Leaving out every picture, copy the lines of the data exactly, from the first through the line containing "KARACHI: A large".

■ **DATA**:
---

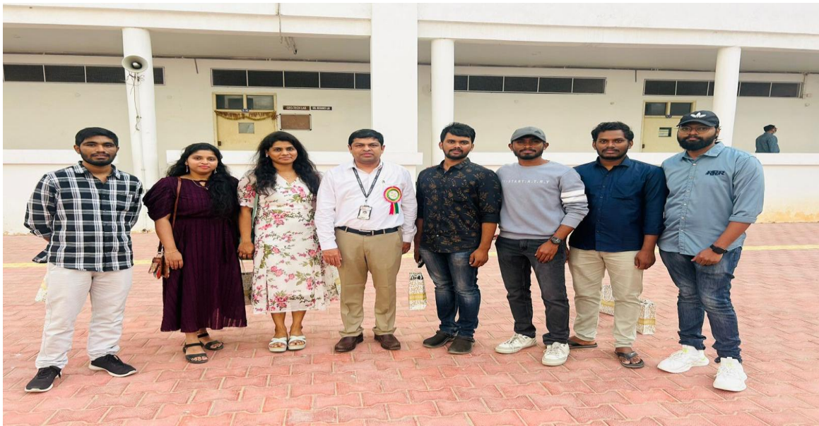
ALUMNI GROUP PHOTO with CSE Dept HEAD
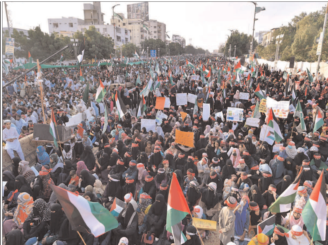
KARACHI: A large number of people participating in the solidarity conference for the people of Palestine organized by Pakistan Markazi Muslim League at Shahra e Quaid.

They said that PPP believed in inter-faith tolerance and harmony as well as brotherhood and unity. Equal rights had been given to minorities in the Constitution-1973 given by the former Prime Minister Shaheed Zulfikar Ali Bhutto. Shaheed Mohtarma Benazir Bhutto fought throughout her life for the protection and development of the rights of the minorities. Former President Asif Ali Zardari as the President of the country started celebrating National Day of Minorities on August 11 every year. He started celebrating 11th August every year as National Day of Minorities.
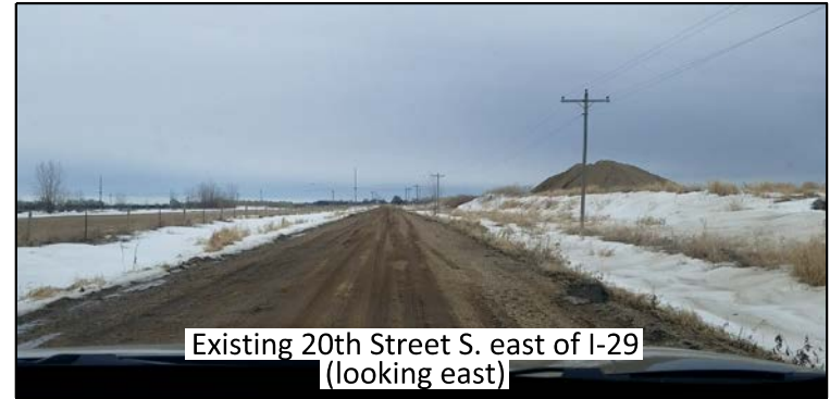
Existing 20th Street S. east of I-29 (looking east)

---

■ **OUTPUT BELOW**:
ALUMNI GROUP PHOTO with CSE Dept HEAD
KARACHI: A large number of people participating in the solidarity conference for the people of Palestine organized by Pakistan Markazi Muslim League at Shahra e Quaid.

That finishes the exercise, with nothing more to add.